Bad Data | Data Integrity

Hi, in this blog post we are going to talk about some of the most common mistakes that can lead to bad data or a poor analysis of that data. We are also going to recommend steps you can take to ensure better data integrity.

Why is Bad Data a Bad Idea?

The only reasons to collect and analyze data is to derive insights and understand performance. If the data you are using is bad data, the insights and understanding will be unlikely to match reality. This leads to poor decisions, bad strategies and at best, an inefficient management of your digital activities.

Bad data can arise from a number of different problems of situations, being aware of them in advance can help prevent them. You can also use the below as a checklist if you are experiencing problems with inaccurate data or insights.

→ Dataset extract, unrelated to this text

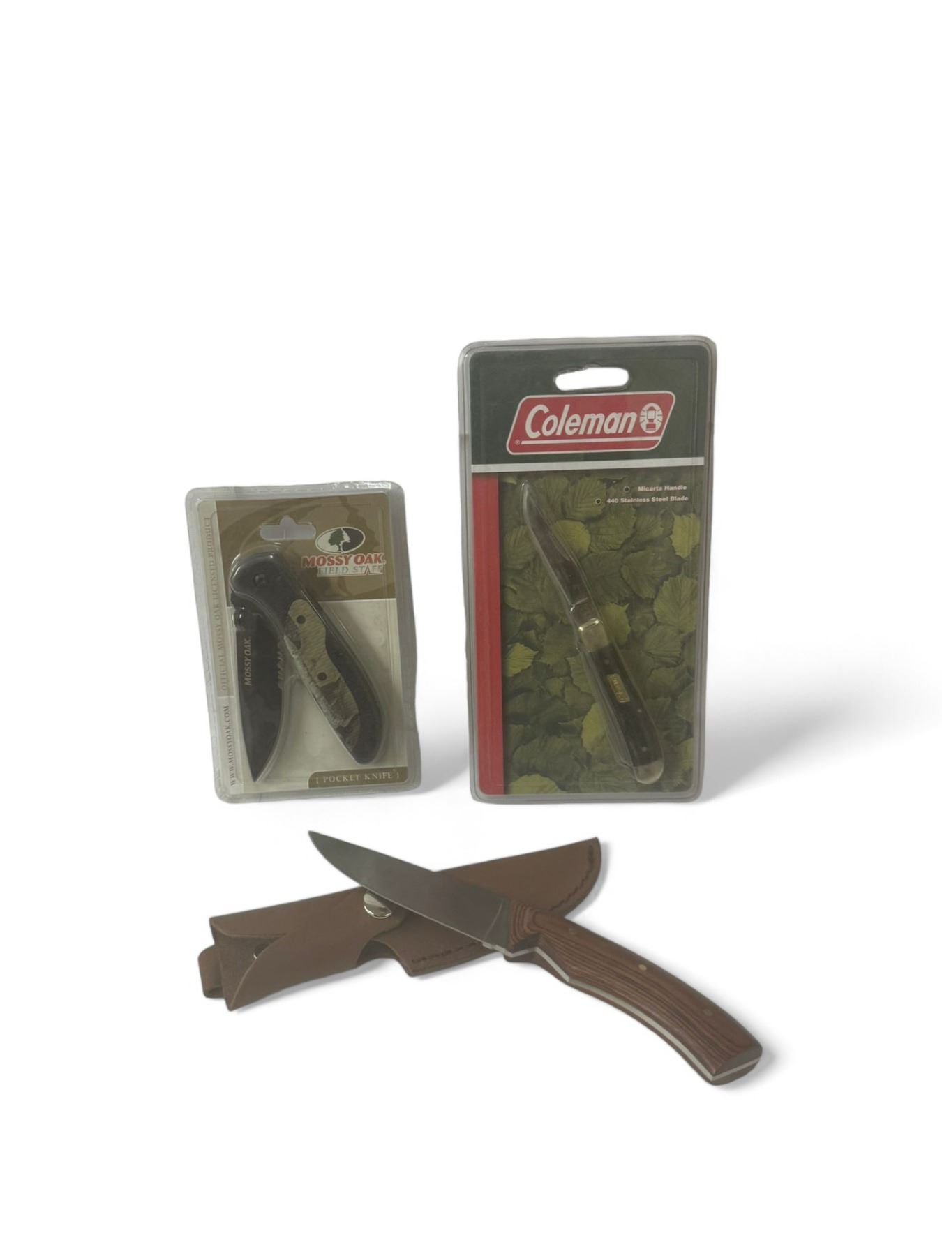 1 Coleman Knife, 1 Mossy Oak Pocket, 1 China Fixed Blade with Belt Clip Sheath

1. Incorrect Implementation of Tracking Code

One of the most common causes of bad data is one of the following types of incorrect implementation with regards to the tracking code that enables the collection of the data.

Running a tag audit on your site is a great way to ensure that you are not suffering from the problems described below.

Missing Code

If your site is missing code from any of its pages, you will not be collecting all of the data you should be. The scale of the problem will be proportional to the quantity of affected pages and the value of those pages. This is always going to result in a loss of data.

This can apply to any tracking code, whether its Google Analytics or AdWords conversion tracking code, if its missing, it’s not working!

You should keep a record of what tracking code should be on what pages and where it should be located. Run regular checks to ensure continuity in your tracking code setup.

Wrong Place

Implementing the code in the wrong place on the page can result in the code not triggering either constantly or at all. If the implementation of your tracking code is managed systematically, you may find that its implementation is incorrect on every page.

This is always going to result in a loss of data.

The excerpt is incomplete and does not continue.